» TASK BRIEF: Retype the whole listing below exactly, keeping every picture out of it.

» INFORMATION SUPPLIED:
—————
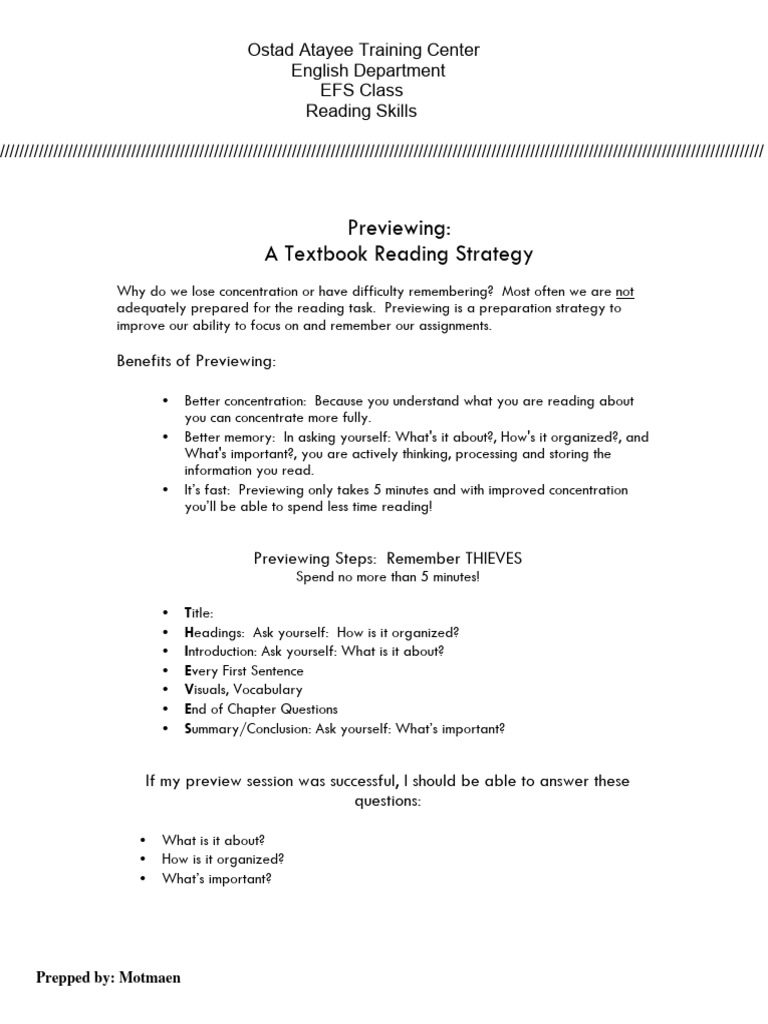 adequately prepared for the reading task. Previewing is a preparation strategy to
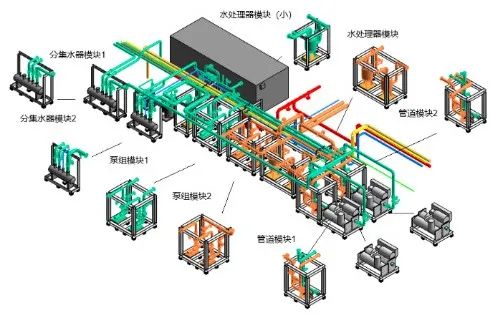 冷水机房模块化拆分将整体拆分为泵组模块、全程水处理器模块、冷水机组管道模块、分集水器模块等8个模块,BIM模型及模块化拆分如图所示。
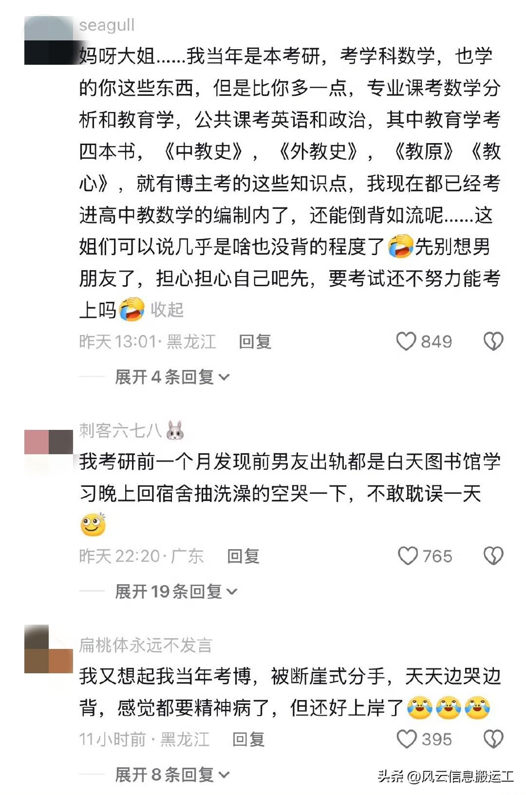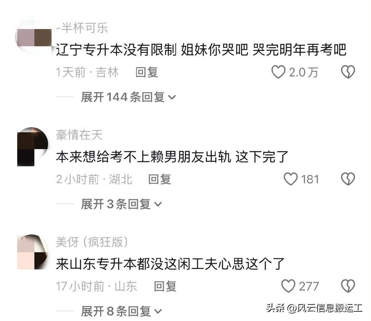 一个女生找一个博主连线诉求一下,原因是4月11号就要考试了(专升本)还因为恋爱这事而哭泣 博主受不了了,当场考了她几道题(巧的是博主跟她一个专业的都是教育学都是专升本)所以精准的拷问她,她就在那一边哭一边哼哼说一些最简单的还说错了 博主说你这都不会还好意思上考场呢?你还哭呢?你还好意思为男的哭呢?这都马上考试了必考的你都不知道,就这样你还为男的哭呢?你专升本的话这都不知道你多余去考场了不抵在家睡觉呢!为你未来哭吧,你想让谁同情你?! 而且还花一万块钱报了提高班,还租了 10 个月房子,还找父母要生活费,三万块钱花出去了屁也没学会 第一条这个评论说的太好了,一针见血,有些人哼哼唧唧的可未必是恋爱脑了还是咋了,纯是马上上战场了知道自己没本事提前在这给大家做铺垫呢 说因为爱情耽误前途了,比单纯是个又懒又笨的人听起来体面,纯一个甩锅找借口的,如果这大半年用心看书读书了也不会连最基本都不会!
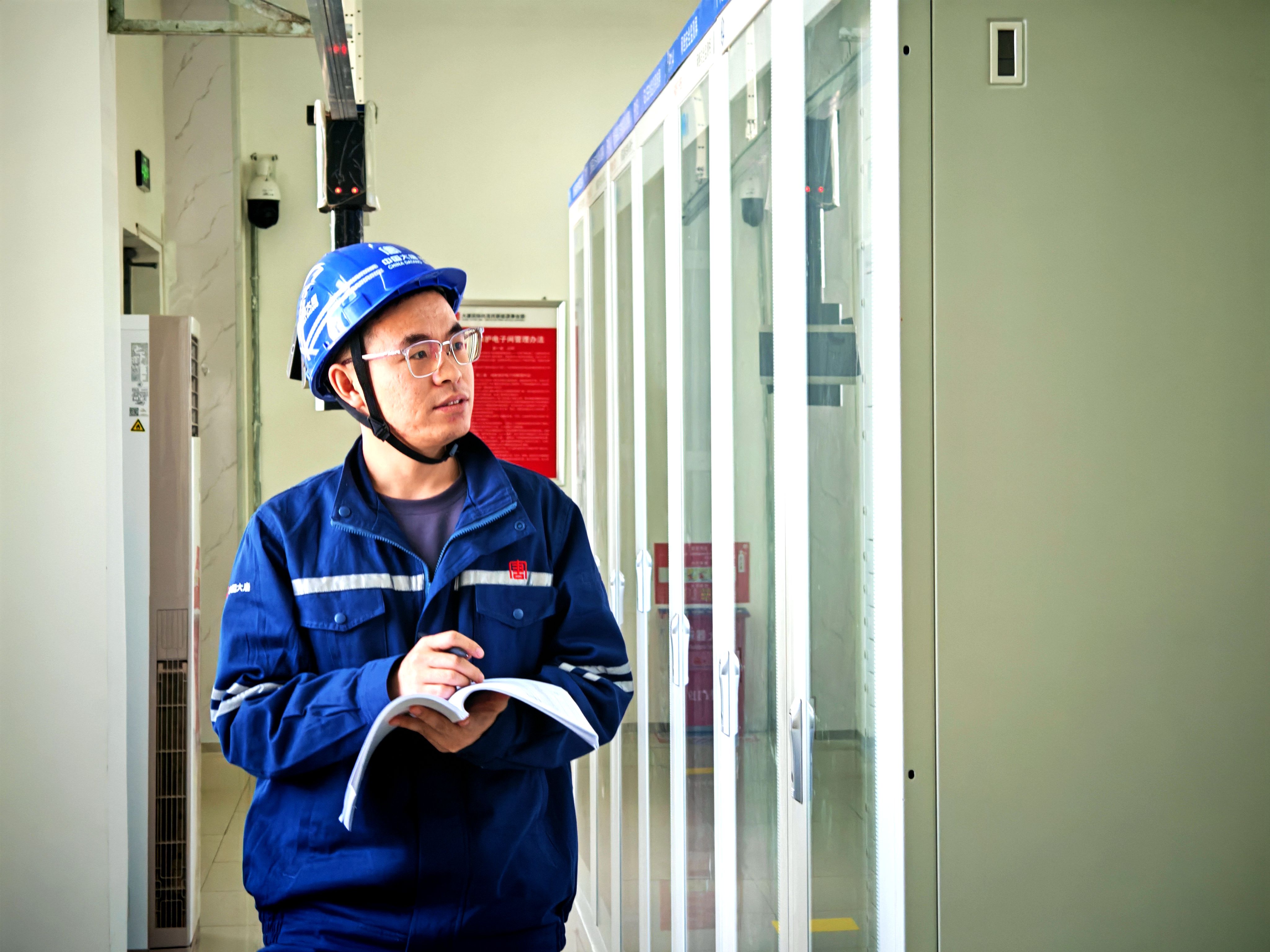 从火电控制室的仪表盘前,到风场百米高空的风机控制面板旁,他凭借勇气和专业热爱,成功实现从传统火电到新能源领域的“跨界转身”。他埋头苦干、刻苦钻研,2025年先后获得“大唐国际技术能手”“集团公司技术能手”以及“电力行业技术能手”称号,从“初学者”蜕变为独当一面的“技能骨干”。他就是托克托发电公司新能源事业部运维中心技术员——谢磊。
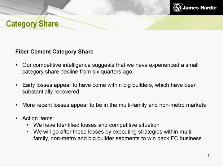 Category Share Fiber Cement Category Share Our competitive intelligence suggests that we have experienced a small category share decline from six quarters ago Early losses appear to have come within big builders, which have been substantially recovered More recent losses appear to be in the multi-family and non-metro markets Action items: We have Identified losses and competitive situation We will go after these losses by executing strategies within multi- family, non-metro and big builder segments to win back FC business 7
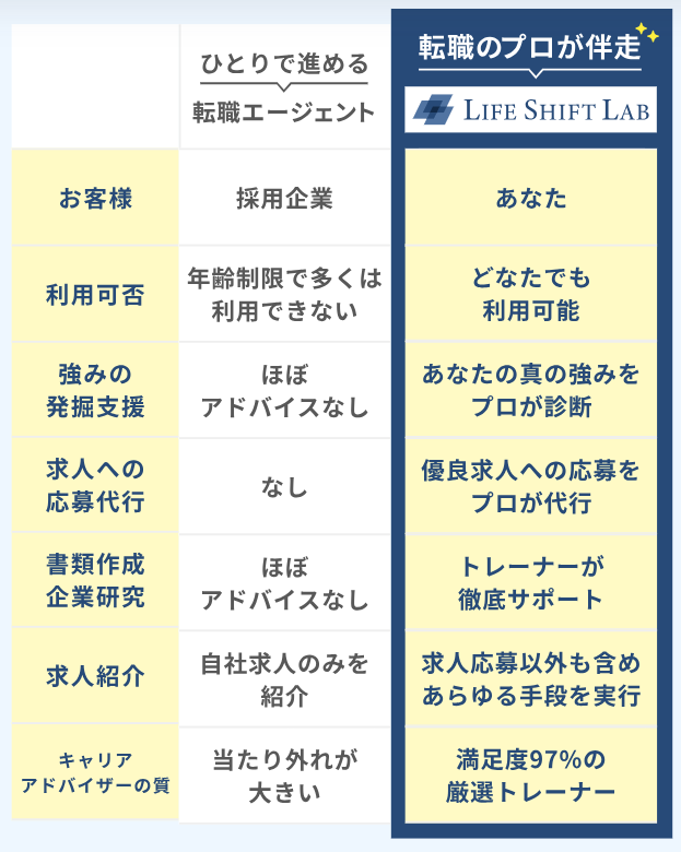 ライフシフトラボは、一般的に難易度が高いとされる40代以降の転職を
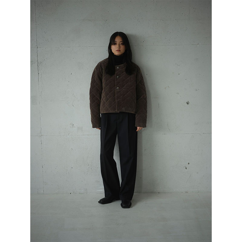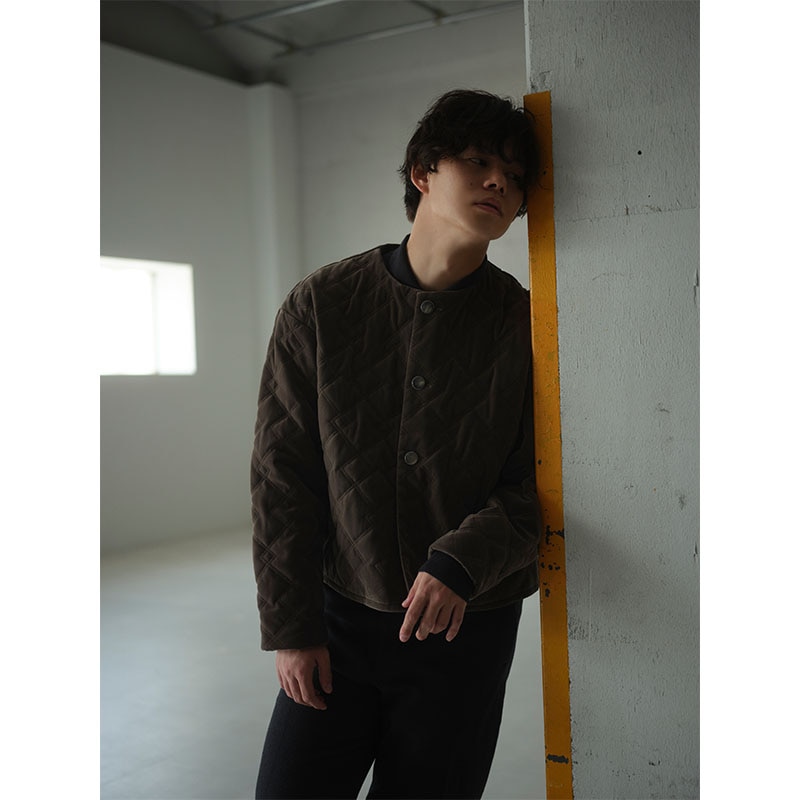 程よい光沢感のあるベロアを使用したキルティングジャケット。
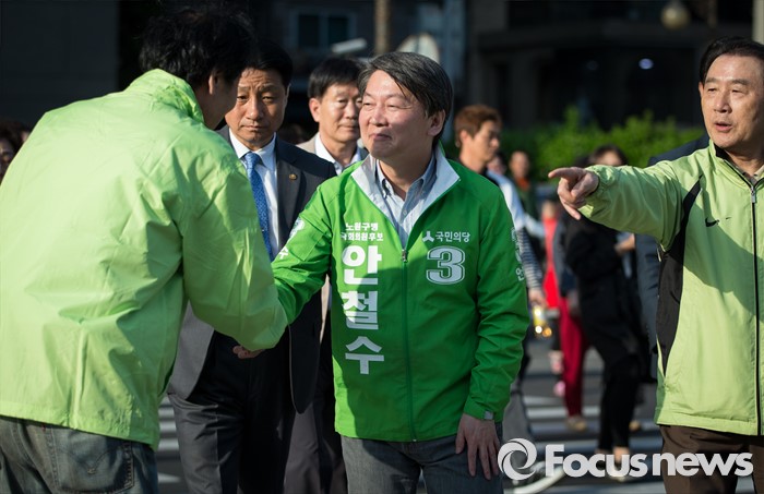 (서울=포커스뉴스) 안철수 국민의당 상임공동대표가 11일 오후 서울 관악구 롯데백화점 앞에서 김성식 관악갑 후보 지원 유세를 하고 있다.
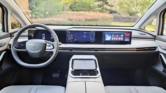 和外观一样,进入上汽大通MAXUS G70的车内,也是一股满满的“新能源风”,其中最吸引人的就是其采用的三联屏设计,三块屏幕均为12.3英寸液晶屏,分辦率也都是1920*720,极大提升了座舱的科技气息和档次感。
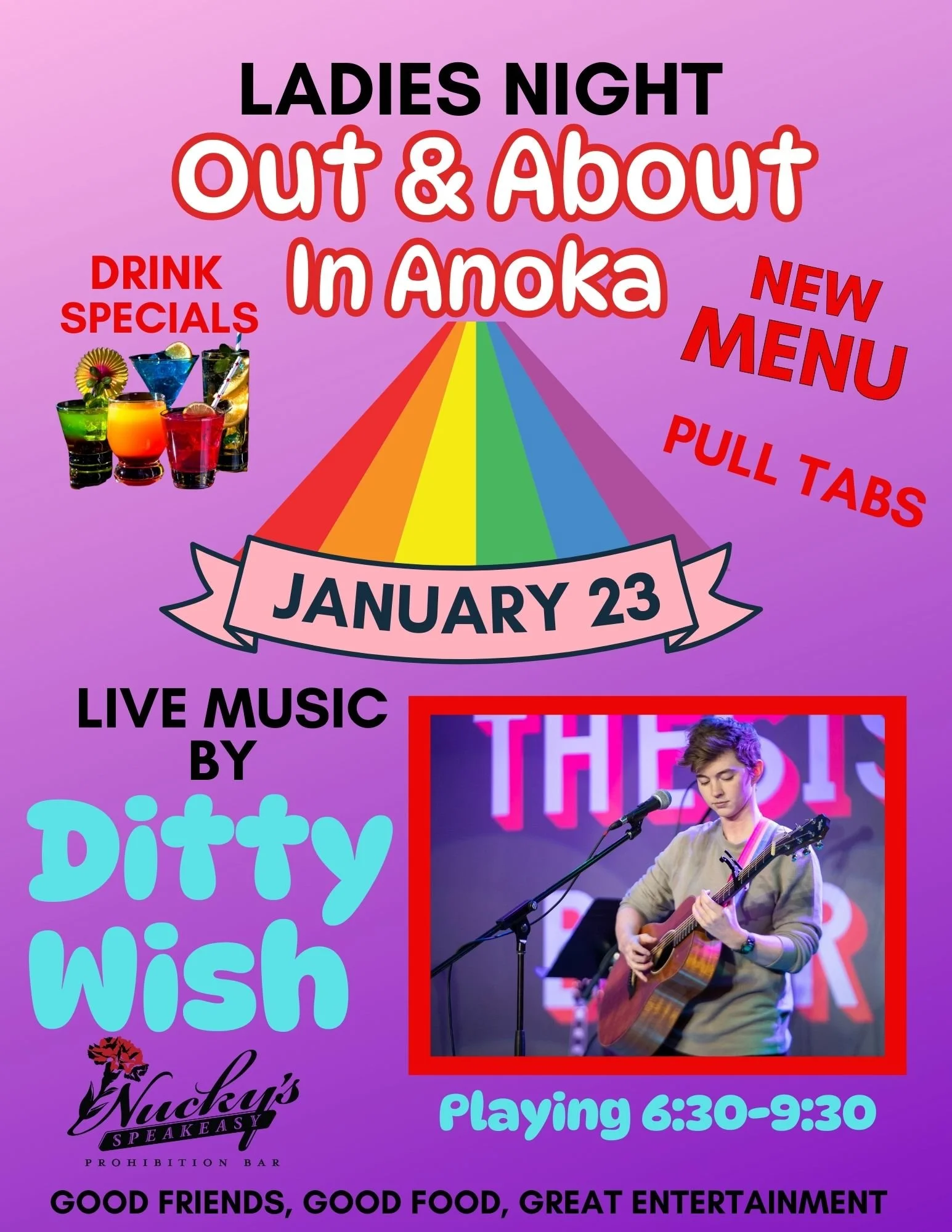 Ladies Night Out and About in Anoka Thursday, January 23, 2025 6:30 PM 9:30 PM Nucky's Speakeasy 300 East Main Street Anoka, MN, 55303 United States (map) Google Calendar ICS
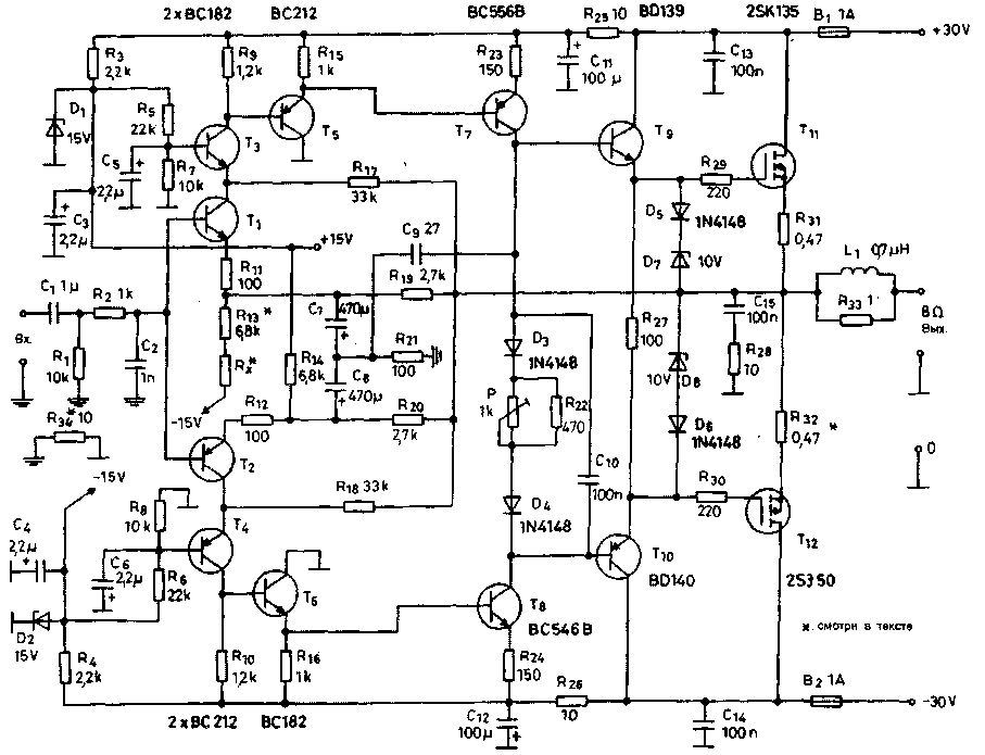 ЭНЦИКЛОПЕДИЯ РАДИОЭЛЕКТРОНИКИ И ЭЛЕКТРОТЕХНИКИ Усилитель Hi-Fi на комплементарных транзисторах. Энциклопедия радиоэлектроники и электротехники Энциклопедия радиоэлектроники и электротехники / Усилители мощности транзисторные Схема усилителя приведена на рис. 1. Через RC-цепочку фильтра нижних частот сигнал попадает на комплементарный входной каскад (Т1, Т2, Т3, Т4). При желании можно увеличить емкость разделительного конденсатора С1, однако делать это имеет смысл только в случае очень низкой граничной частоты звукоизлучающей системы. В эмиттерную цепь входного каскада включен линеаризующий резистор R11 на 100 Ом, к эмиттерам же подключена общая отрицательная обратная связь величиной около 30 дБ. "Внутри" каскада, между коллектором "нижнего" транзистора (Т2) и эмиттером "верхнего" (Т3) действует вторая ("внутренняя") петля обратной связи величиной около 18 дБ. Это означает, что за исключением транзисторов Т1, Т2, обе петли оказывают одинаковое действие на все остальные каскады.
—————
» REPLY:
 adequately prepared for the reading task. Previewing is a preparation strategy to
 冷水机房模块化拆分将整体拆分为泵组模块、全程水处理器模块、冷水机组管道模块、分集水器模块等8个模块,BIM模型及模块化拆分如图所示。
 一个女生找一个博主连线诉求一下,原因是4月11号就要考试了(专升本)还因为恋爱这事而哭泣 博主受不了了,当场考了她几道题(巧的是博主跟她一个专业的都是教育学都是专升本)所以精准的拷问她,她就在那一边哭一边哼哼说一些最简单的还说错了 博主说你这都不会还好意思上考场呢?你还哭呢?你还好意思为男的哭呢?这都马上考试了必考的你都不知道,就这样你还为男的哭呢?你专升本的话这都不知道你多余去考场了不抵在家睡觉呢!为你未来哭吧,你想让谁同情你?! 而且还花一万块钱报了提高班,还租了 10 个月房子,还找父母要生活费,三万块钱花出去了屁也没学会 第一条这个评论说的太好了,一针见血,有些人哼哼唧唧的可未必是恋爱脑了还是咋了,纯是马上上战场了知道自己没本事提前在这给大家做铺垫呢 说因为爱情耽误前途了,比单纯是个又懒又笨的人听起来体面,纯一个甩锅找借口的,如果这大半年用心看书读书了也不会连最基本都不会!
 从火电控制室的仪表盘前,到风场百米高空的风机控制面板旁,他凭借勇气和专业热爱,成功实现从传统火电到新能源领域的“跨界转身”。他埋头苦干、刻苦钻研,2025年先后获得“大唐国际技术能手”“集团公司技术能手”以及“电力行业技术能手”称号,从“初学者”蜕变为独当一面的“技能骨干”。他就是托克托发电公司新能源事业部运维中心技术员——谢磊。
 Category Share Fiber Cement Category Share Our competitive intelligence suggests that we have experienced a small category share decline from six quarters ago Early losses appear to have come within big builders, which have been substantially recovered More recent losses appear to be in the multi-family and non-metro markets Action items: We have Identified losses and competitive situation We will go after these losses by executing strategies within multi- family, non-metro and big builder segments to win back FC business 7
 ライフシフトラボは、一般的に難易度が高いとされる40代以降の転職を
 程よい光沢感のあるベロアを使用したキルティングジャケット。
 (서울=포커스뉴스) 안철수 국민의당 상임공동대표가 11일 오후 서울 관악구 롯데백화점 앞에서 김성식 관악갑 후보 지원 유세를 하고 있다.
 和外观一样,进入上汽大通MAXUS G70的车内,也是一股满满的“新能源风”,其中最吸引人的就是其采用的三联屏设计,三块屏幕均为12.3英寸液晶屏,分辦率也都是1920*720,极大提升了座舱的科技气息和档次感。
 Ladies Night Out and About in Anoka Thursday, January 23, 2025 6:30 PM 9:30 PM Nucky's Speakeasy 300 East Main Street Anoka, MN, 55303 United States (map) Google Calendar ICS
 ЭНЦИКЛОПЕДИЯ РАДИОЭЛЕКТРОНИКИ И ЭЛЕКТРОТЕХНИКИ Усилитель Hi-Fi на комплементарных транзисторах. Энциклопедия радиоэлектроники и электротехники Энциклопедия радиоэлектроники и электротехники / Усилители мощности транзисторные Схема усилителя приведена на рис. 1. Через RC-цепочку фильтра нижних частот сигнал попадает на комплементарный входной каскад (Т1, Т2, Т3, Т4). При желании можно увеличить емкость разделительного конденсатора С1, однако делать это имеет смысл только в случае очень низкой граничной частоты звукоизлучающей системы. В эмиттерную цепь входного каскада включен линеаризующий резистор R11 на 100 Ом, к эмиттерам же подключена общая отрицательная обратная связь величиной около 30 дБ. "Внутри" каскада, между коллектором "нижнего" транзистора (Т2) и эмиттером "верхнего" (Т3) действует вторая ("внутренняя") петля обратной связи величиной около 18 дБ. Это означает, что за исключением транзисторов Т1, Т2, обе петли оказывают одинаковое действие на все остальные каскады.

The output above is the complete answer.